Normalmente las palabras me salen a borbotones de la boca. Desde niño aprendí a comunicar -tratando de elegir las mejores palabras- lo que tenía dentro. Pero experiencias como estas me hacen valorar el silencio: ese estado en el que cesan las palabras, los sonidos externos o el ruido interior. No se limita a la “falta de sonido”, sino que pacientemente se convierte en un espacio de atención, de escucha y de apertura a lo que normalmente queda oculto por la prisa y el bullicio. Las olas del mar van y vienen, los colores explotan en unas degradaciones que parecen infinitas.

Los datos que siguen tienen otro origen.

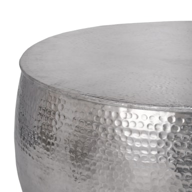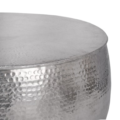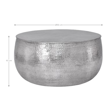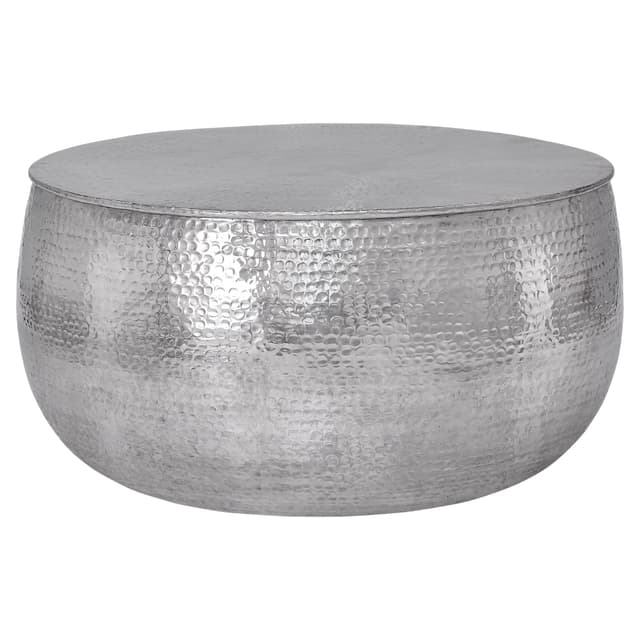Det massive aluminiums sofabord i en trendy hammerblæseroptik er lavet af ubekymret og kvalitet i hånden. Takket være den håndhårede aluminiumsbordplade ser bordet særligt elegant ud og er garanteret at være en rigtig iøjnefaldende i din lejlighed. Ud over designet tjente bordet også dens funktionalitet og tilbyder et tilstrækkeligt stort område til en bred vifte af dekorationsobjekter.

Y afino mi oído para escuchar en silencio lo que dice mi corazón y lo que me susurra la naturaleza.

Hacer silencio es un acto de libertad y conciencia. Nadie impone el silencio: lo decidimos desde lo profundo de nuestro ser para volver a sentir que somos los dueños de nuestra vida y que respondemos por ella. Pero también el silencio es un acto de dignidad. Es una resistencia frente a los que quieren imponernos el hablar, a los que pretenden ser dueños de nuestra voluntad: “El silencio duró alrededor de una hora y fue la última forma de dignidad humana que mantuvimos en ese lugar” (Han Kang). No tengo que ceder al impulso de las palabras, ni sentirme obligado a decir lo que no quiero, o peor aún, lo que otros esperan. Me callo porque soy libre, consciente y dueño de mi expresión.

Hacer silencio también es una oportunidad para escuchar las voces de los empobrecidos, el dolor de los invisibilizados, las preguntas que incomodan, porque nos hacen descubrir que no somos tanto como creemos.

Tal vez fue la formación espiritual la que me enseñó el valor infinito del silencio, así como me ayudó a comprender la lógica de los relatos y de los argumentos que se pronuncian para expresar lo que hemos entendido del mundo. Cuando veo a tantos que hablan una y otra vez, que quieren con sus discursos mostrar lo grandes que son, que insisten en enseñarnos lo que ellos creen que ignoramos, siento la necesidad de hacer silencio para no caer en ese juego vano de palabras que van y vienen, impulsadas por egos que solo buscan mostrar cuán grandes son.